▶ _DATA SEGMENT_
- - -

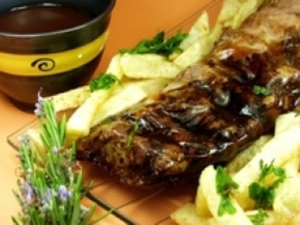 9. Нарезанные дольками яблоки и порезанный соломкой картофель выкладываем в фольгу, свёрнутую "лодочкой", поливаем собранным соком и кладем рядом с мясом на решетку.
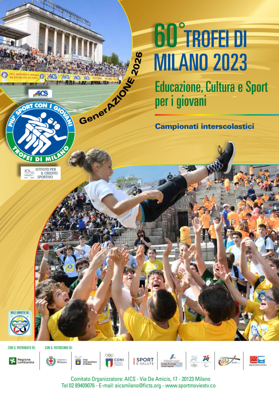 Anche quest’anno la nostra scuola parteciperà ai “Trofei di Milano 2023”, la manifestazione sportiva promossa dall’Associazione Italiana Cultura Sport (AICS) di Milano (Ente di Promozione Sportiva riconosciuto dal CONI) presso l’Arena Brera. Parteciperemo giovedì 11 maggio 2023 con le classi terza, quarta e quinta e venerdì 12 maggio con tutte le classi della Scuola Primaria.
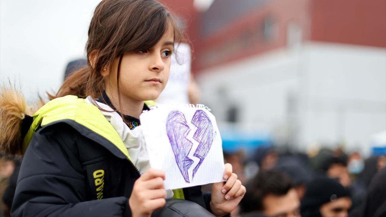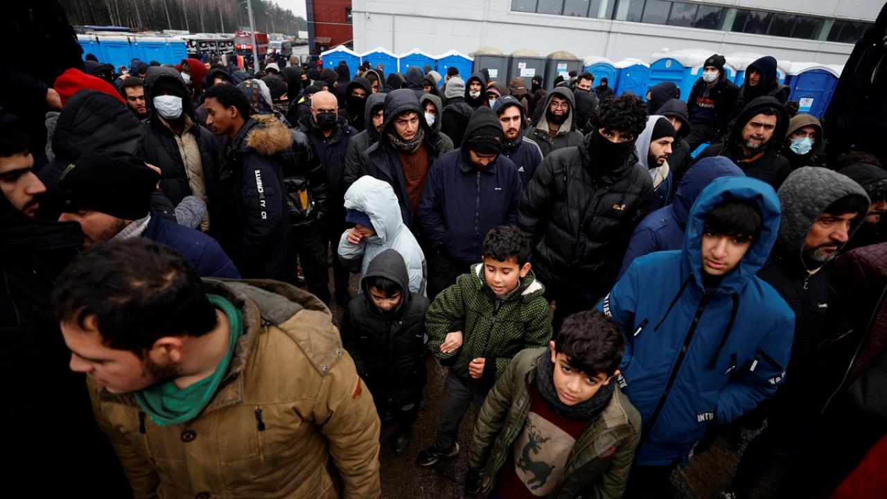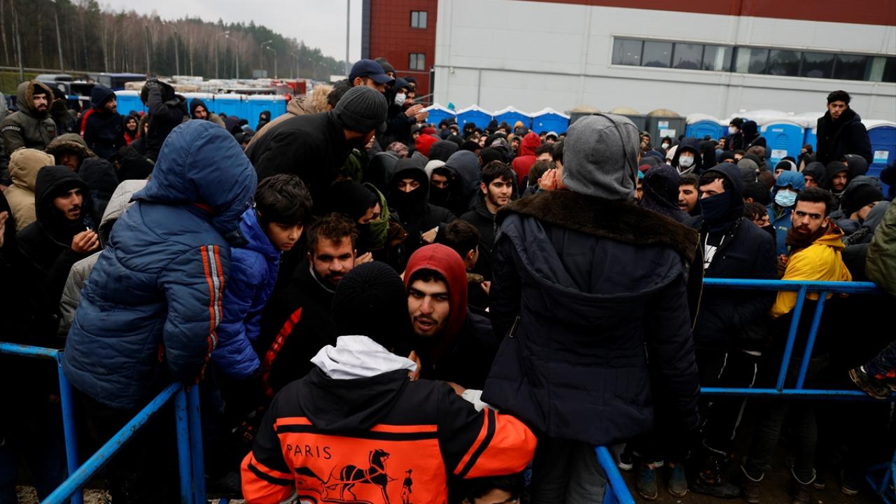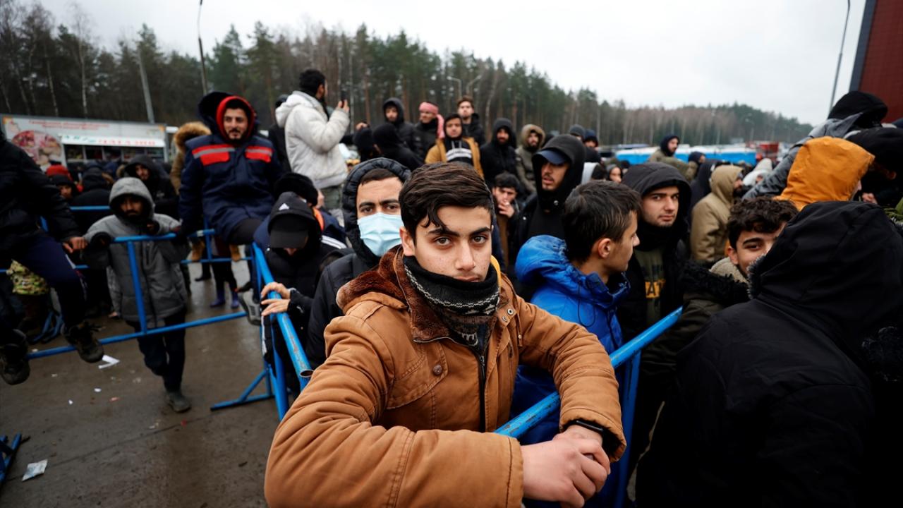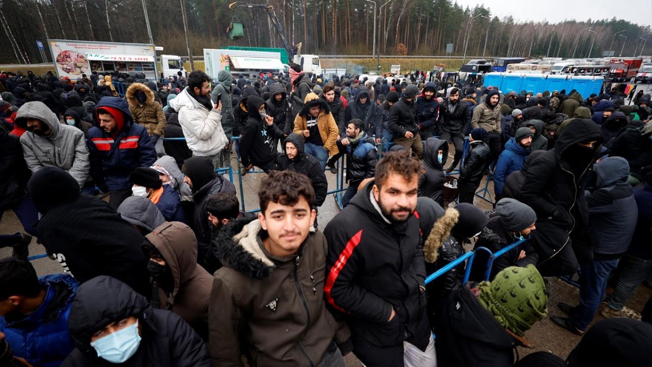 Belarus-Polonya sınırındaki kapalı alanda Avrupa'ya göçme arayışla bekleyişlerini sürdürenler, kaderlerinin bir an önce belirlenmesi için gösteri düzenledi.
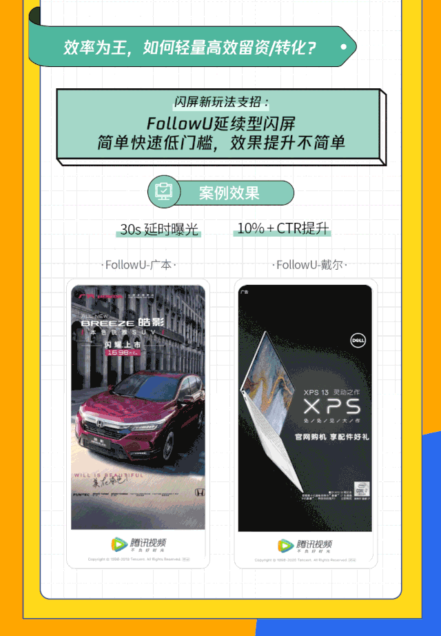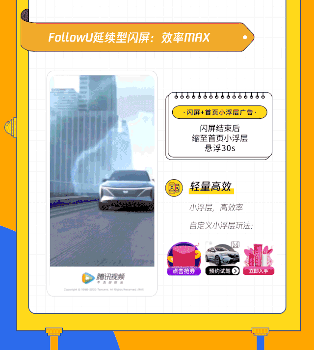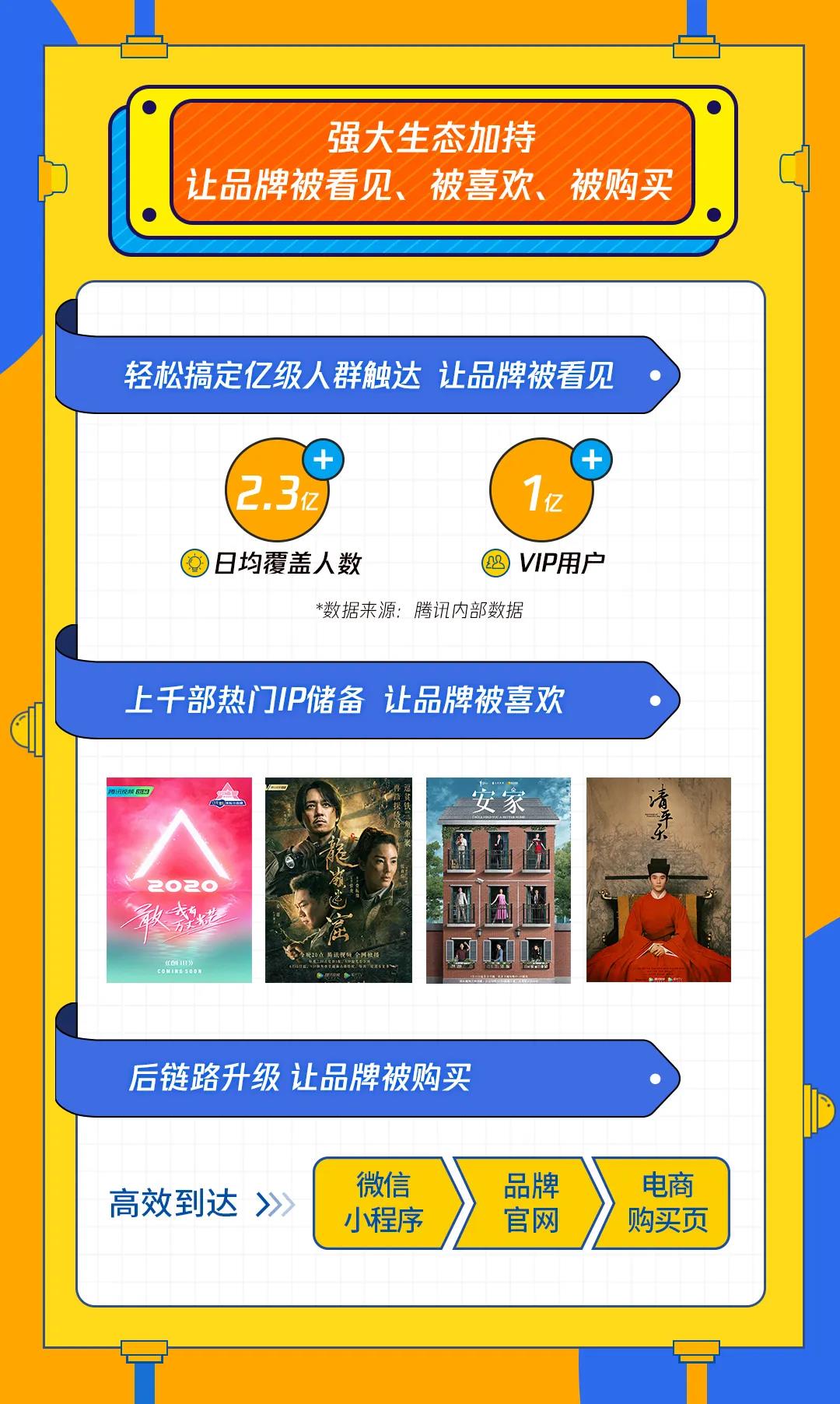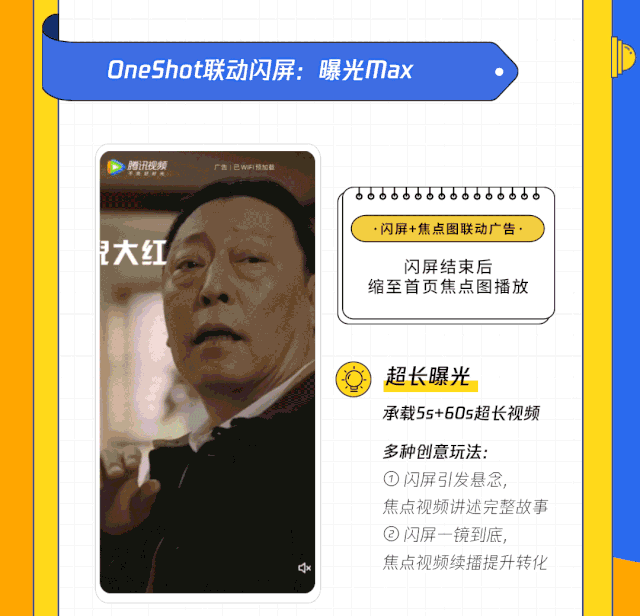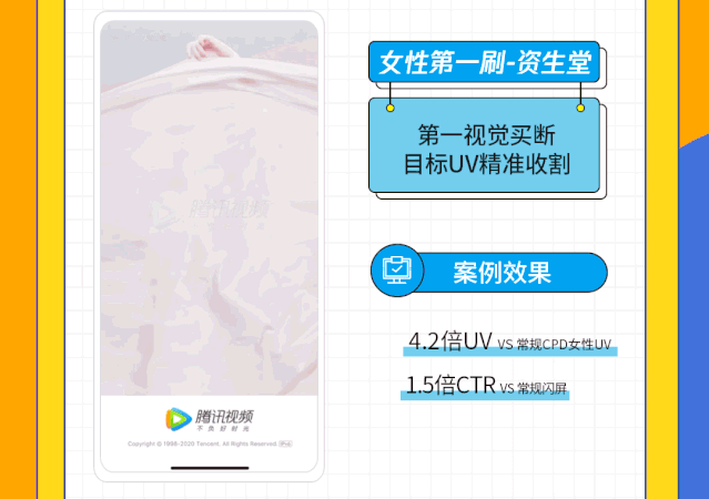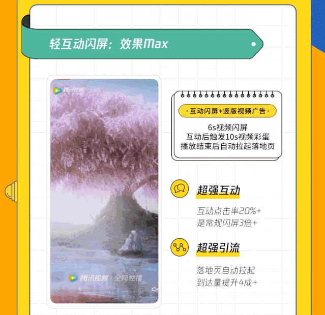 腾讯视频推出闪屏新形态,在大曝光之上探索更高的转化空间,4种全新闪屏玩法,助力品牌占领品效高地。

- - -

▶ _EXERCISE BRIEF_
Take the line containing "Anche quest’anno la" and every line after it through the end of the data, and write them out exactly, with no pictures.

▶ _ANSWER BELOW_
 Anche quest’anno la nostra scuola parteciperà ai “Trofei di Milano 2023”, la manifestazione sportiva promossa dall’Associazione Italiana Cultura Sport (AICS) di Milano (Ente di Promozione Sportiva riconosciuto dal CONI) presso l’Arena Brera. Parteciperemo giovedì 11 maggio 2023 con le classi terza, quarta e quinta e venerdì 12 maggio con tutte le classi della Scuola Primaria.
 Belarus-Polonya sınırındaki kapalı alanda Avrupa'ya göçme arayışla bekleyişlerini sürdürenler, kaderlerinin bir an önce belirlenmesi için gösteri düzenledi.
 腾讯视频推出闪屏新形态,在大曝光之上探索更高的转化空间,4种全新闪屏玩法,助力品牌占领品效高地。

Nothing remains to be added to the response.